Rosanne Cash is something of an anomaly in country music.
She's not one of those hep "new traditionalists," though a few of her songs, like the delightful current hit "Tennessee Flat Top Box," are in that vein. In fact, most of her music is old-style "soft rock" that so often passes for modern country--the sort of thing that purists and critics usually hate. Yet most of these same purists and critics are quite willing to make an exception in Cash's case and all but adore her.
If she can be classified as a country music singer--debatable, though she's certainly a country music star --she is surely the most well-rounded one we have right now. On Monday at the Roxy in West Hollywood, Cash once again demonstrated her impeccable taste in choosing songs as well as writing them, covering challenging material that might be seen as difficult out in the sticks, as well as her universally accessible hits.
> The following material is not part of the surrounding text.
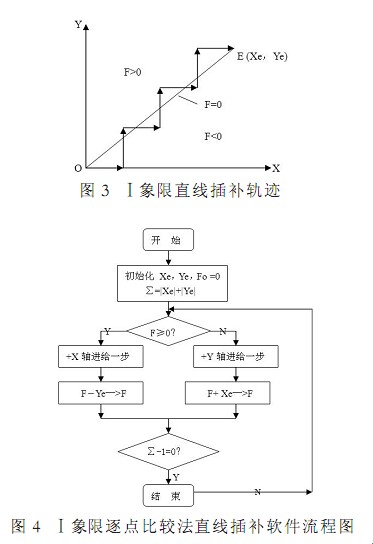 在圖 3 OE 為要加工的直線輪廓 而動(dòng)點(diǎn) N(Xi,Yi)對(duì)應(yīng)切削刀具的位置當(dāng)?shù)毒咛幱谥本€下方區(qū)域時(shí)(F<0) 當(dāng)?shù)毒咛幱谥本€上方區(qū)域時(shí)(F>0) 為了更靠攏直線輪廓 則要求刀具向(+X)方向進(jìn)給一步 當(dāng)?shù)毒哒锰幱谥本€上時(shí)(F=0)根據(jù)上述原則從 O(0 0)開始 走一步 算一算 判別 F 符號(hào) 再趨向直線進(jìn)給 步步前進(jìn) 直至終點(diǎn) E 這樣 通過(guò)逐點(diǎn)比較的方法 控制刀具走出一條盡量接近零件輪廓直線的軌跡 如圖 3 中折線所示 當(dāng)每次進(jìn)給的臺(tái)階(即脈沖當(dāng)量)很小時(shí) 就可將這條折線近似當(dāng)作直線來(lái)看待 顯然 逼近程度的大小與脈沖當(dāng)量的大小直接相關(guān)為了簡(jiǎn)化運(yùn)算 通常采用遞推法 即每進(jìn)給一步后新加工點(diǎn)的加工偏差值通過(guò)前一點(diǎn)的偏差遞推算出
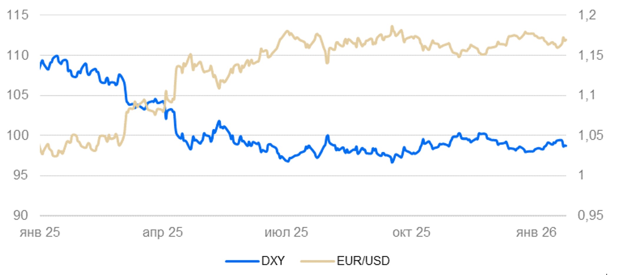 Обмен агрессивными заявлениями представителей ЕС и США спровоцировал распродажу доллара — индекс DXY за неделю снизился на 0,6% до 98,7. Если на прошлой неделе европейские валюты практически игнорировали комментарии Дональда Трампа по поводу Гренландии, то на этой неделе, после выступления американского лидера в Давосе, рынки начали активно продавать доллар и покупать евро. Цены драгоценных металлов на бирже продолжили расти.

Probably first and foremost, Cash remains a great confessional balladeer. She's disarming enough to make you think she's telling you things that maybe you shouldn't hear, as in the recent "The Real Me," a song as nakedly ambivalent and vulnerable as this kind of material gets. And Cash alluded to her well-publicized former bad habits in introducing "If I Could Only Learn to Make You Love Me."
In more upbeat moments--much more so than in her last local appearance two years ago--Cash was able to comfortably look and act the part of the rock 'n' roll thrush, with a low-cut black dress and permed hair, backed by a first-rate band.
The new songs she introduced by Elvis Costello ("Our Little Angel," a brilliant choice) and Steve Goodman were as strong as the familiar highlights from the pens of John Hiatt (her recent No. 1 country hit "The Way We Make a Broken Heart"), her husband, Rodney Crowell, and her own hand. These days, that kind of sound journeywoman essence is vastly under-appreciated by the pop market, so if the country market wants to label and claim her as its own, more power to it.